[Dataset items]
=======
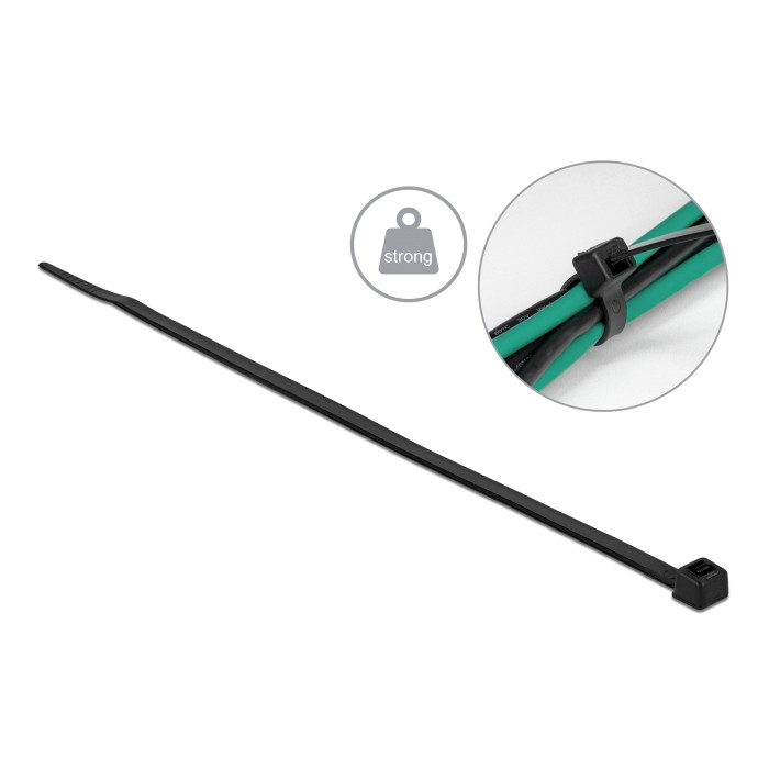 Δεματικά καλωδίων της Delock με αυτόματο μηχανισμό κλεισίματος, ιδιαίτερα υψηλής αντοχής με αντοχή σε εφελκυσμό έως 34 kg.
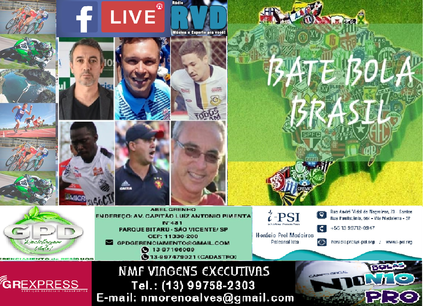 Nesta sexta-feira, dia 3, a partir das 19h50, na página da RÁDIO RVD no face tem o BBB - BATE BOLA BRASIL. O bate papo será com Sued Clayton, treinador sub 17 do Sport Recife; Marcos Martiniano, Supervisor de Futebol; Fernando Jr, jogador do São Bernardo FC; Lucas Lino, jogador do Comercial, de Ribeirão Preto (SP); Luciano Boeira, treinador do Projeto Boeira Sports; Glênio Cordeiro, Gerente de Futebol do Sport Club Gaúcho, de Passo Fundo(RS), e participação especial de Paulo Jr, supervisor de futebol, Contamos com a sua audiência.
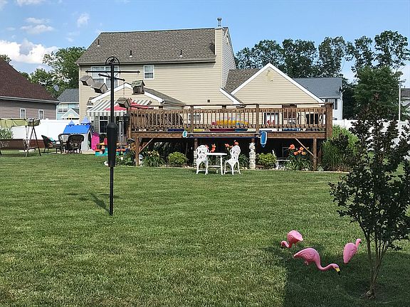 Cozy updated 3 bedroom home backing private wooded nature preserve with 18’ x 32’ above ground pool and large shed. Updates since purchase in 3/2013 include new roof with 2 new skylights in family room, new front door & storm door, new rear sliding patio door; new granite countertops, dishwasher & garbage disposal; new batt insulation and sump pump in crawl space, new electric outlets on first floor, new brass plates for electric outlets & light switches throughout, new Carrier gas furnace & central air conditioner, new dryer, new blinds throughout, and new white vinyl fence enclosing rear yard, new cedar play set. Features include cherry hardwood flooring in living & dining rooms, laminate tile flooring in kitchen & breakfast area, wood laminate flooring and 2 walk-in closets in master bedroom; ceiling fans in breakfast area, family room, den and all bedrooms; breakfast counter in kitchen, den in rear portion of garage with gas fireplace, large storage area in front area of garage, underground lawn irrigation system, central ADT security alarm system, rear concrete patio with retractable awning, 4 car parking in driveway,
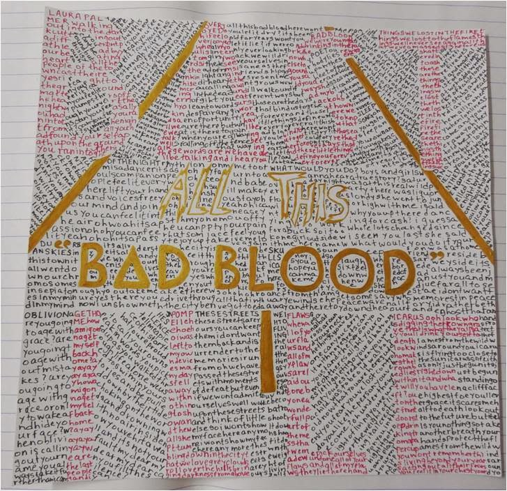 So, as this [past] week's project, I composed a sort of lyrics artwork. I'm no artist and the best I could come up with is combining the two albums' cover art. I overlapped the letter art of All This Bad Blood with the album art of Bad Blood and voilà, I had a sort of mini-poster. The catch is that everything is "painted" in letters - the lyrics of all 24 songs. It was quite the task, but I think it was worth it. (No doubt, I have a huge margin for improvement. But these activities were devised to make me make art!)
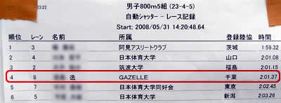 この前の都民陸上も2’01
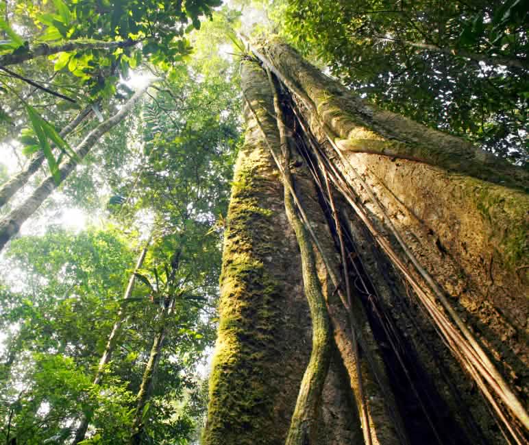 Studien zufolge binden Regenwälder 250 Milliarden Tonnen Kohlenstoff in ihren Bäumen. Das entspricht global betrachtet dem 22-fachen der menschengemachten Treibhausgas-Emissionen pro Jahr.
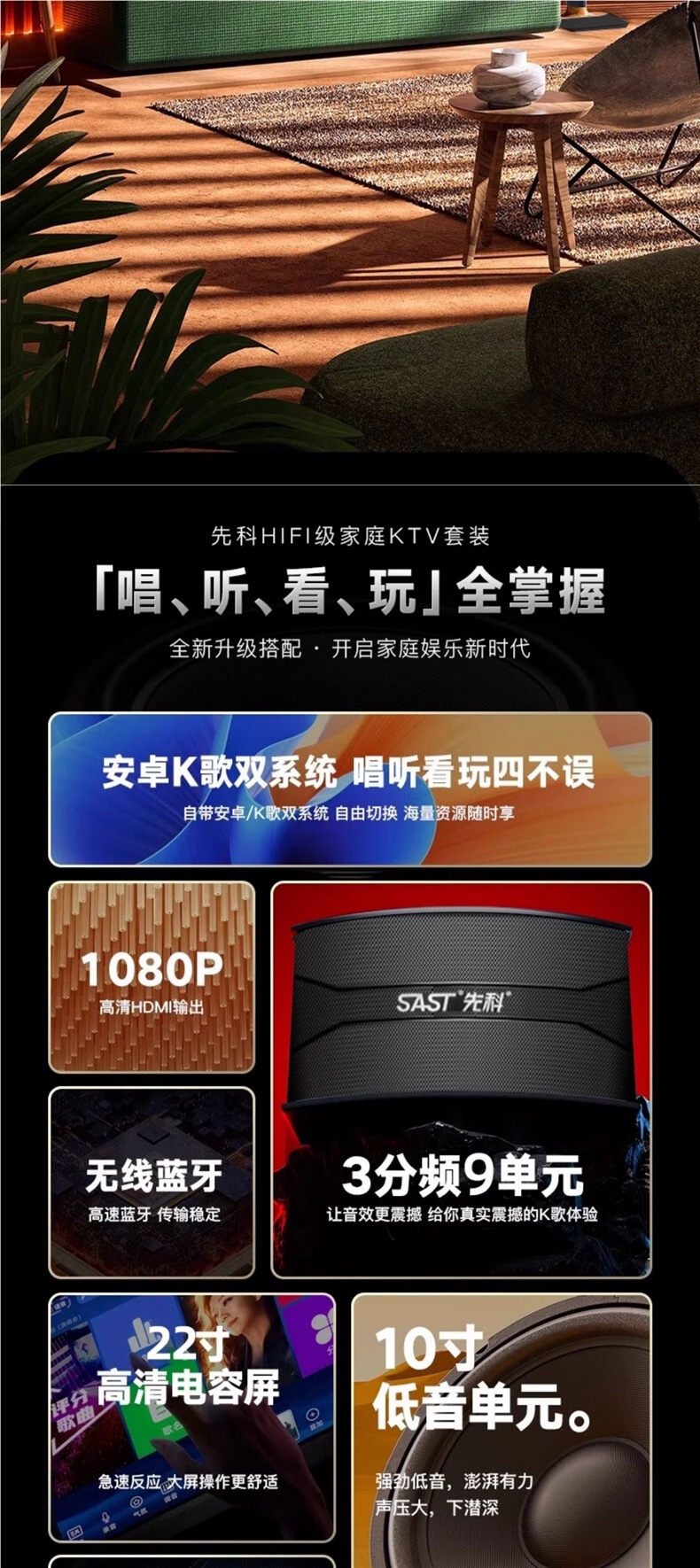• [쌍당 10.9inch 장치] + 22inch 터치스크린 노래방 기계 3T + 전력 증폭기 + 버전 충전 마이크 + 12inch 서브우퍼 + 액세서리
=======
**WHAT YOU WILL DO**
Restate the records above exactly, less any pictures.

**ANSWER FOR THE TASK**
 Δεματικά καλωδίων της Delock με αυτόματο μηχανισμό κλεισίματος, ιδιαίτερα υψηλής αντοχής με αντοχή σε εφελκυσμό έως 34 kg.
 Nesta sexta-feira, dia 3, a partir das 19h50, na página da RÁDIO RVD no face tem o BBB - BATE BOLA BRASIL. O bate papo será com Sued Clayton, treinador sub 17 do Sport Recife; Marcos Martiniano, Supervisor de Futebol; Fernando Jr, jogador do São Bernardo FC; Lucas Lino, jogador do Comercial, de Ribeirão Preto (SP); Luciano Boeira, treinador do Projeto Boeira Sports; Glênio Cordeiro, Gerente de Futebol do Sport Club Gaúcho, de Passo Fundo(RS), e participação especial de Paulo Jr, supervisor de futebol, Contamos com a sua audiência.
 Cozy updated 3 bedroom home backing private wooded nature preserve with 18’ x 32’ above ground pool and large shed. Updates since purchase in 3/2013 include new roof with 2 new skylights in family room, new front door & storm door, new rear sliding patio door; new granite countertops, dishwasher & garbage disposal; new batt insulation and sump pump in crawl space, new electric outlets on first floor, new brass plates for electric outlets & light switches throughout, new Carrier gas furnace & central air conditioner, new dryer, new blinds throughout, and new white vinyl fence enclosing rear yard, new cedar play set. Features include cherry hardwood flooring in living & dining rooms, laminate tile flooring in kitchen & breakfast area, wood laminate flooring and 2 walk-in closets in master bedroom; ceiling fans in breakfast area, family room, den and all bedrooms; breakfast counter in kitchen, den in rear portion of garage with gas fireplace, large storage area in front area of garage, underground lawn irrigation system, central ADT security alarm system, rear concrete patio with retractable awning, 4 car parking in driveway,
 So, as this [past] week's project, I composed a sort of lyrics artwork. I'm no artist and the best I could come up with is combining the two albums' cover art. I overlapped the letter art of All This Bad Blood with the album art of Bad Blood and voilà, I had a sort of mini-poster. The catch is that everything is "painted" in letters - the lyrics of all 24 songs. It was quite the task, but I think it was worth it. (No doubt, I have a huge margin for improvement. But these activities were devised to make me make art!)
 この前の都民陸上も2’01
 Studien zufolge binden Regenwälder 250 Milliarden Tonnen Kohlenstoff in ihren Bäumen. Das entspricht global betrachtet dem 22-fachen der menschengemachten Treibhausgas-Emissionen pro Jahr.
• [쌍당 10.9inch 장치] + 22inch 터치스크린 노래방 기계 3T + 전력 증폭기 + 버전 충전 마이크 + 12inch 서브우퍼 + 액세서리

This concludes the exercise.